What is required – Repeat nothing but the lines below running from the one containing "ТЕХНИЧНАЯ АТАКА — ЗАЛОГ ГОЛА." to the one containing "физкультуре и спорту". Keep both end lines.

Task material –
--- START ---

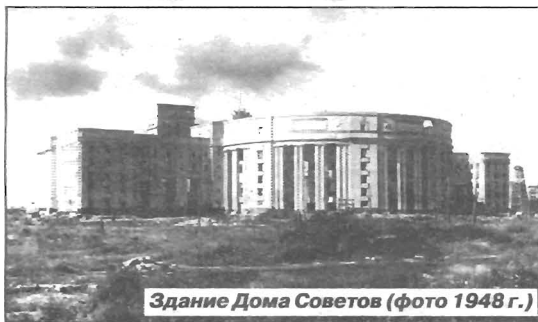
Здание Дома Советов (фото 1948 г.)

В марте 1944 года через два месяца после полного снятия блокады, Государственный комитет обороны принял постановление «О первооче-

--- END ---
--- START ---

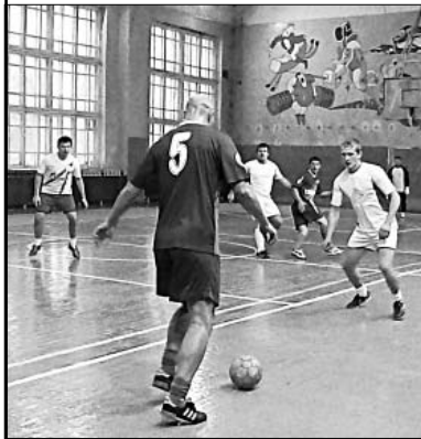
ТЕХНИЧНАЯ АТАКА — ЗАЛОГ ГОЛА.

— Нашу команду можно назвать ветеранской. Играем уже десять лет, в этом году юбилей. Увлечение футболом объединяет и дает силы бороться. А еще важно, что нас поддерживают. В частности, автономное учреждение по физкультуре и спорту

--- END ---

Problem solution –
ТЕХНИЧНАЯ АТАКА — ЗАЛОГ ГОЛА.

— Нашу команду можно назвать ветеранской. Играем уже десять лет, в этом году юбилей. Увлечение футболом объединяет и дает силы бороться. А еще важно, что нас поддерживают. В частности, автономное учреждение по физкультуре и спорту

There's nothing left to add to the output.